_WHAT YOU ARE ASKED TO DO:_ Once you reach the line containing "Ulteriori informazioni sulla", return it and every line after it exactly, through the end of the records below, with no pictures.

(Records drawn from a dataset)
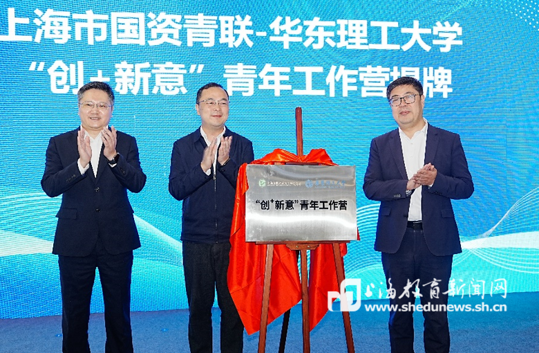 活动现场,邬斌、梁波、沈海涛共同为上海市国资青联-华东理工大学“创+新意”青年工作营揭牌,鲜红的牌匾揭开了双方协同育人的崭新篇章。这一工作营的设立,成为连接高校育才与国企用才的重要纽带,为青年成长搭建起实践创新的坚实平台。
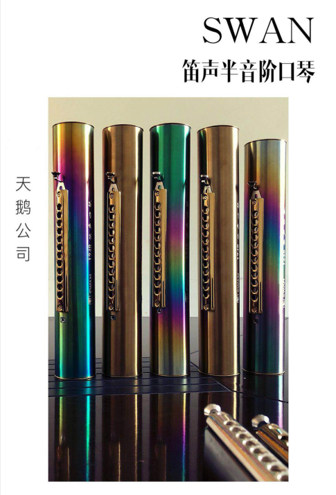 2017年天鵝推出了笛聲口琴,這個(gè)原理是將三個(gè)八度口琴嵌入到一個(gè)更大的金屬管中,以利用管道的內部共振,從而產(chǎn)生更圓潤和有內部回聲的聲音。原理類(lèi)似Koch horn chromatic。即使在這種情況下,管道兩邊都有開(kāi)口。這款笛聲口琴在2017年獲得實(shí)用新型專(zhuān)利,專(zhuān)利號為:ZL201720578099.2。
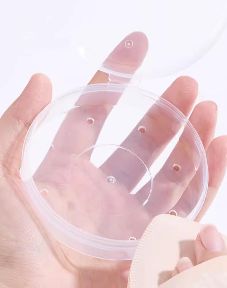 【通気性あり】底部に設けられた8つの通気孔が、内部の湿気を逃がしつつ、化粧パフを衛生的で乾燥した状態に保ちます。
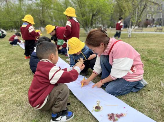在草地上各班级开展着丰富有趣的活动。有春日手工制作,也有草地游戏,孩子们在动手操作和轻松游戏中感受春天的活力。草地上欢笑声不断,孩子们或认真制作春天的小作品,或参与有趣的小游戏,在奔跑与欢笑中尽情释放童真。随后是期待已久的春日野餐时光。孩子们围坐在一起,分享美味点心,在暖暖的阳光和微风中享受轻松愉快的春日时刻。
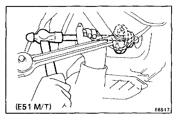 Using a brass bar and hammer, drive in the side gear shaft until it makes contact with the pinion shaft.
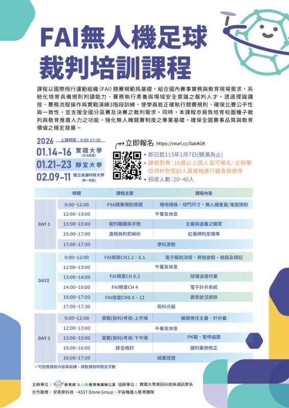 一、課程主旨在培育校園種子裁判與教育推廣人力之功能,強化無人機競賽制度之專業基礎,確保全國賽事品質與教育價值之穩定發展。 二、課程資訊: (一)課程日期:115年1月14日至2月11日期間共三梯次(詳見課程海報)。 (二)課程地點:實踐大學台北校區(北區)、靜宜大學(中區)、國立高雄科技大學第一校區(南區)。 (三)課程人數:每梯次上限30人(即日起至115年1月7日,額滿為止)。 (四)課程對象: 16歲以上國人皆可報名,主辦單位得針對受訓人員資格進行審查與排序 (五)課程方式:實體面授。 (六)報名網址:https://reurl.cc/0ak4GK。 (七)注意事項 1、全程活動免費(含餐點),全程參與並通過測驗者於課程結束後授予研習證書。 (1)完成培訓之學員有義務擔任2026年北、中、南分區競賽之裁判至少2場(除學員本人所在地以外之區域)。 2、承辦單位有調整日期或更換行程之權利, 三、請惠予貴校參加人員得憑本公文請公差假,若有學校授課教學因素,請協助課務排代。 四、活動聯絡人 (一)教育部無人機教育推廣辦公室 連曼筑,電話:07-6011000轉31493,電子郵件:nadinelian@nkust.edu.tw。
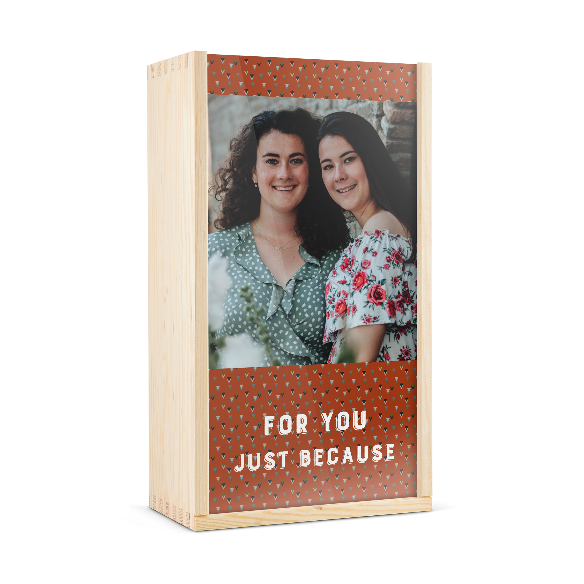 Ulteriori informazioni sulla personalizzazione: Personalizzazione: in una scatola di lusso Stampa: stampa sul coperchio con una qualità fotografica HD cristallina Dimensioni scatola: 36,5 x 20,6 x 11 cm Coperchio delle dimensioni: 35,6 x 18,9 x 0,3 cm Extra: scatola di legno con certificazione FSC Maggiori informazioni sul gin: Nome: Bombay Sapphire Paese: Inghilterra Personaggio: un gin morbido con un carattere complesso. Sapore fruttato leggero con aromi potenti Maggiori informazioni sul tonico: Nome: Fever Tree Indian Tonic Water Contenuto: 500 ml Questo tonico non contiene dolcificanti artificiali, conservanti o aromi.
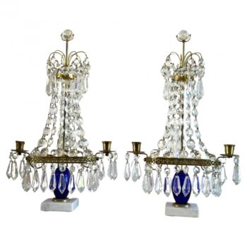 Pair Crystal Cut Glass Light Candleholder Antique Girandoles Swedish LA Dealer

_EXERCISE RESPONSE:_
 Ulteriori informazioni sulla personalizzazione: Personalizzazione: in una scatola di lusso Stampa: stampa sul coperchio con una qualità fotografica HD cristallina Dimensioni scatola: 36,5 x 20,6 x 11 cm Coperchio delle dimensioni: 35,6 x 18,9 x 0,3 cm Extra: scatola di legno con certificazione FSC Maggiori informazioni sul gin: Nome: Bombay Sapphire Paese: Inghilterra Personaggio: un gin morbido con un carattere complesso. Sapore fruttato leggero con aromi potenti Maggiori informazioni sul tonico: Nome: Fever Tree Indian Tonic Water Contenuto: 500 ml Questo tonico non contiene dolcificanti artificiali, conservanti o aromi.
 Pair Crystal Cut Glass Light Candleholder Antique Girandoles Swedish LA Dealer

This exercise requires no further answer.